Beautiful, George. I'm not surprised!
Your boxes look nicer than my engines. 

Dean


----------



## jpaul (Jul 27, 2010)

George,

I can't agree with your more "the engines deserved more than the cardboard boxes ....." And your cases are every bit as elegant as the engines you are encasing. simply beautiful!


----------



## zeeprogrammer (Jul 27, 2010)

I can't add anymore. They are beautiful.


----------



## cidrontmg (Jul 27, 2010)

Lovely boxes for lovely engines! I´d like to ask a favor: could you show also the machines inside the boxes, please!


----------



## ozzie46 (Jul 27, 2010)

There's nothing left to say. I'll echo everyone else EXCELLENT work.  :bow: :bow:

  Ron


----------



## Tin Falcon (Jul 27, 2010)

Beautiful work George. I know a guy that has most of his engines in Plexiglas display cases . Then an aluminum transport case to put the display case in. You can not beat walnut for classy furniture.
Tin


----------



## gbritnell (Jul 27, 2010)

Thanks everyone.
Cidrontmg, I'm not quite sure what you're asking. Do you want to see pictures of the engines themselves or pictures of them sitting in the boxes? If you want to see the engines you can go to this link and then look at the other ones under my name.
gbritnell
[ame]http://www.youtube.com/watch?v=O_vQp0gevh0[/ame]


----------



## Troutsqueezer (Jul 27, 2010)

Hi George, 

I used to make jewelery boxes as a hobby there for a few years. I appreciate a well-joined box and yours certainly look beautiful. Well done. 

One thing that used to gall me was the price they were asking for the small solid brass hinges that had a stop, so the lid would only open to a certain point - usually to where the lid is held at a few degrees past vertical. Now, with my new machining hobby, I've been thinking about making my own solid brass hinges. 

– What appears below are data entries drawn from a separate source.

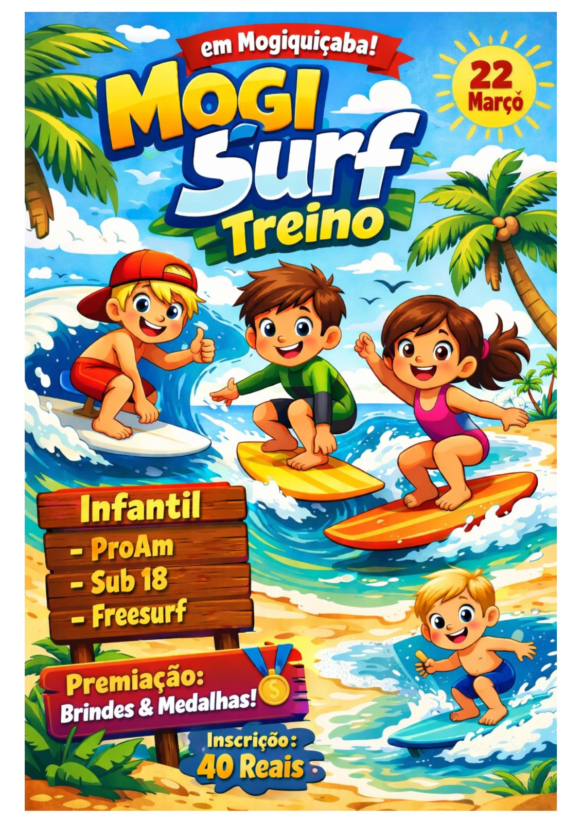 No dia 22 de março, a Praia de Mogiquiçaba será palco do Mogi Surf Treino, um evento esportivo com caráter de treinamento e integração comunitária, voltado ao fortalecimento do surf local e, principalmente, ao incentivo do surf infantil.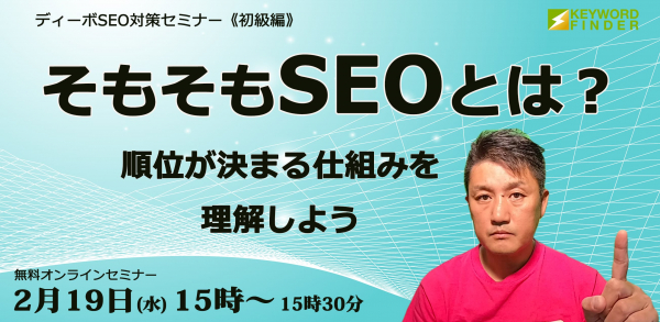 SEO対策サービスの開発・販売を行っている株式会社ディーボ(札幌市、代表取締役社長:藤沢 竜志、以下:ディーボ)は、2025年2月19日(水)15時にSEO対策セミナー「そもそもSEO対策とは?」を開催します。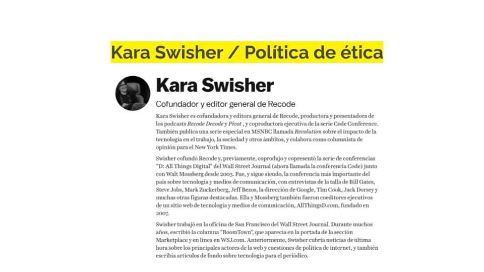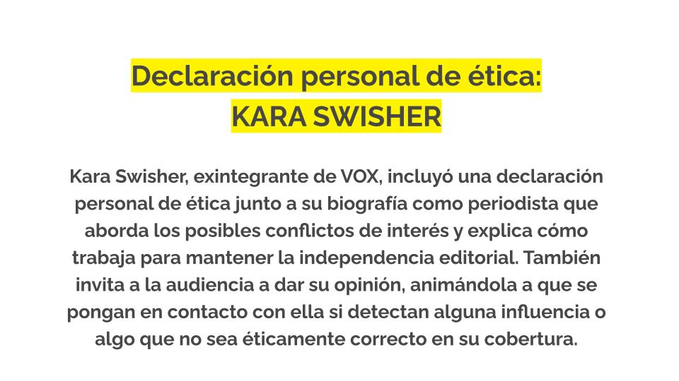 - Kara Swisher antigua colaboradora de VOX, explica su ética personal y cómo trata de evitar los conflictos de intereses.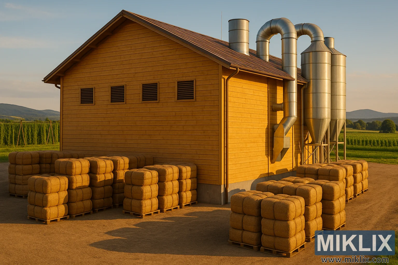A imagem retrata uma instalação de armazenamento de lúpulo capturada sob a luz solar quente do final da tarde, apresentando um equilíbrio harmonioso entre tradição rústica e eficiência agrícola moderna. Tirada de uma perspetiva ligeiramente elevada e grande-angular, a cena permite que o espectador aprecie tanto os detalhes arquitetônicos da instalação quanto sua paisagem circundante.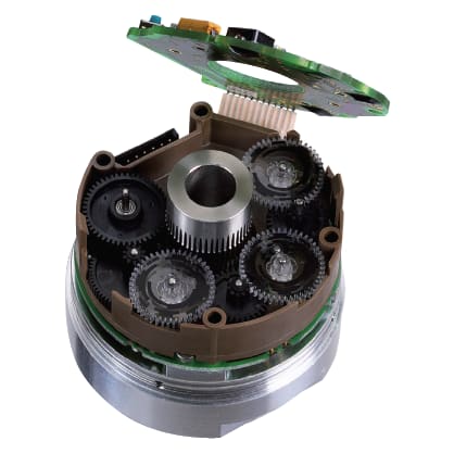 To track shaft position, the multi-turn encoder utilizes a trio of plastic gears driven off of the main shaft or hub. These gears utilize special coatings that allow light to either be absorbed or reflected back, activating several critically positioned photo sensors. The on/off patterns of these sensors define the multi-turn position. One sensor is required per bit of information, so a 17- bit-per-turn encoder will require 17 photo receivers to carry out the job.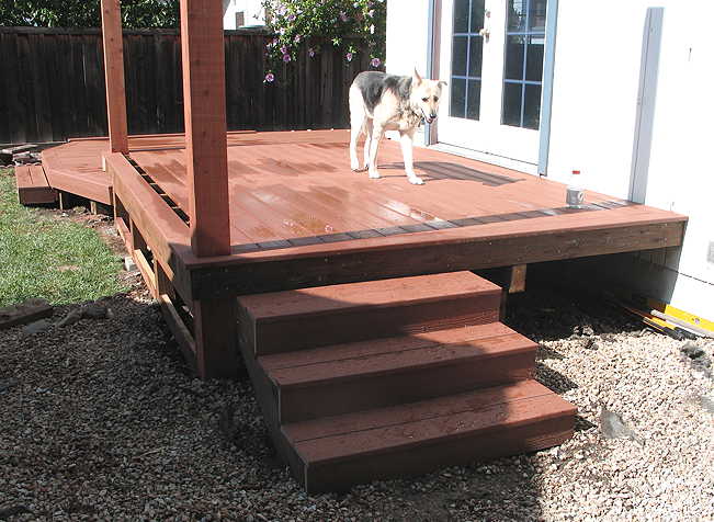 So, I asked the guys to also put a step going down to the lawn. Now Emily can handle it all just fine! I'm relieved. Tomorrow, I think they're probably going to do the skirting, the railings, and the lattice. Then, they'll do the arbor!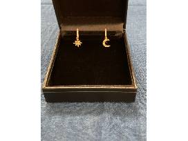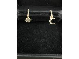 14K Gold & Diamond Hoops with Dangling Diamond Star & Diamond Moon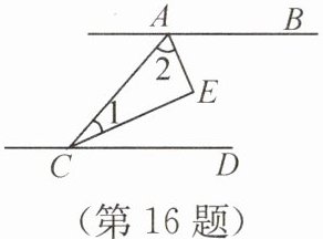 16. 如图,$AB// CD$,$CE$,$AE分别平分\angle ACD$,$\angle CAB$,则$\angle 1+\angle 2= $______.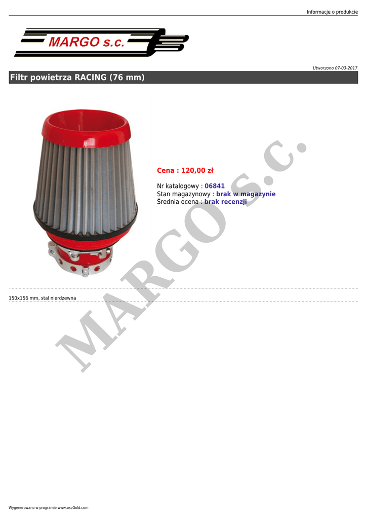 Informacje o produkcie Utworzono 07-03-2017 s. c . Filtr powietrza RACING (76 mm) Cena : 120,00 zł M AR G O Nr katalogowy : 06841 Stan magazynowy : brak w magazynie Średnia ocena : brak recenzji 150x156 mm, stal nierdzewna Wygenerowano w programie www.oscGold.com

One trick I learned and it has to do with filling tiny gaps in the finger or dovetail joints was to put a piece of whatever wood my boxes were made of to my small belt sander and collect the sawdust. Then I would mix it into a small amount of Elmer's wood glue and use it as putty. It would match the color of the wood perfectly. 

One of many I made. 






Can I ask where or how you made those engraved brass plates?

-Trout


----------



## putputman (Jul 27, 2010)

George, there is perfection in everything you do. The boxes are just as beautiful as your engines.

Did you build a fixture for the finger joints, or how did you make them.


----------



## Blogwitch (Jul 28, 2010)

George,

I loathe working in wood with a passion, but I really do appreciate it when I see nice workmanship.

Your great engines deserve the time and effort you have lavished on them by making the transport boxes.

A great job.


John


----------



## GordTopps (Jul 28, 2010)

Really beautiful work George, your engines deserve only the best.

Regards
Gordy


----------



## cidrontmg (Jul 28, 2010)

"Cidrontmg, I'm not quite sure what you're asking. Do you want to see pictures of the engines themselves or *pictures of them sitting in the boxes*? If you want to see the engines you can go to this link and then look at the other ones under my name.
gbritnell"

Oh, I´ve seen the engines, and not just once :bow: But sitting inside the boxes would be nice. I expect the boxes to have some internal structures, to hold the engines steady. I just can´t imagine them crashing wildly against the box walls, during transport...


----------



## gbritnell (Jul 28, 2010)

Hi Trout,
 Having dealt with a place that did a project for my class reunion several years back I know that the 'engraving' business has sure changed. The fellow was nice enough to show me all the new processes that they use for sign making.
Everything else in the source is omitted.